Ota Benga: Orang Afrika dalam Kerangkeng
Setelah Darwin menyatakan bahwa manusia berevolusi dari makhluk hidup yang mirip kera melalui bukunya The Descent of Man, ia kemudian mulai mencari fosil-fosil untuk mendukung argumentasinya. Bagaimanapun, sejumlah evolusionis percaya bahwa makhluk "separuh manusia-separuh kera" tidak hanya ditemukan dalam bentuk fosil, tetapi juga dalam keadaan hidup di berbagai belahan dunia. Di awal abad ke-20. pencarian "mata rantai transisi yang masih hidup" ini menghasilkan kejadian-kejadian memilukan, dan yang paling biadab di antaranya adalah yang menimpa seorang Pigmi (suku di Afrika Tengah dengan tinggi badan rata-rata kurang dari 127 sentimeter) bernama Ota Benga.
Ota Benga ditangkap pada tahun 1904 oleh seorang peneliti evolusionis di Kongo. Dalam bahasanya, nama Ota Benga berarti "teman". Ia memiliki seorang istri dan dua orang anak. Dengan dirantai dan dikurung seperti binatang, ia dibawa ke Amerika Serikat. Di sana, para ilmuwan evolusionis memamerkannya untuk umum pada Pekan Raya Dunia di St. Louis bersama spesies kera lain dan memperkenalkannya sebagai "mata rantau transisi terdekat dengan manusia". Dua tahun kemudian, mereka membawanya ke kebun binatang Bronx di New York. Ia dipamerkan dalam kelompok "nenek moyang manusia" bersama beberapa simpanse, gorilla bernama Dinah, dan orang utan bernama Dohung. Dr. William T. Hornaday, seorang evolusionis direktur kebun binatang tersebut memberikan sambutan panjang lebar tentang betapa bangganya ia memiliki "bentuk transisi" yang luar biasa ini di kebun binatangnya dan memperlakukkan Ota Benga dalam kandang seolah ia seekor binatang biasa. Tidak tahan dengan perlakuan yang diterimanya, Ota Bengan akhirnya bunuh diri.

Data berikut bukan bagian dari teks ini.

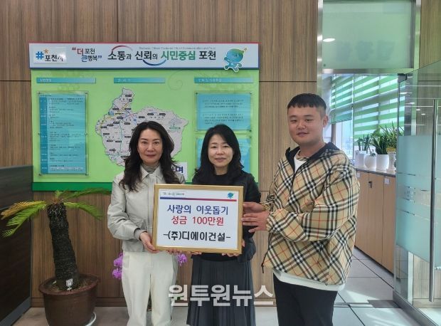 (원투원뉴스) 포천시 신읍동 소재 ㈜디에이건설은 지난 24일 지역 내 어려운 이웃을 돕기 위해 가산면 행정복지센터에 성금 100만 원을 기탁했다.

Manusia Piltdown, Manusia Nebraska, Ota Benga.... Skandal-skandal ini menunjukkan bahwa ilmuwan evolusinis tidak ragu-ragu menggunakan segala cara yang tidak ilmiah untuk membuktikan teori mereka. Dengan mengingat hal ini, ketika kita melihat yang dinamakan bukti lain dari mitos "evolusi manusia", kita akan menghadapi situasi yang sama. Inilah sebuah cerita fiksi dan sepasukan relawan yang siap mencoba apa saja untuk membenarkan cerita itu.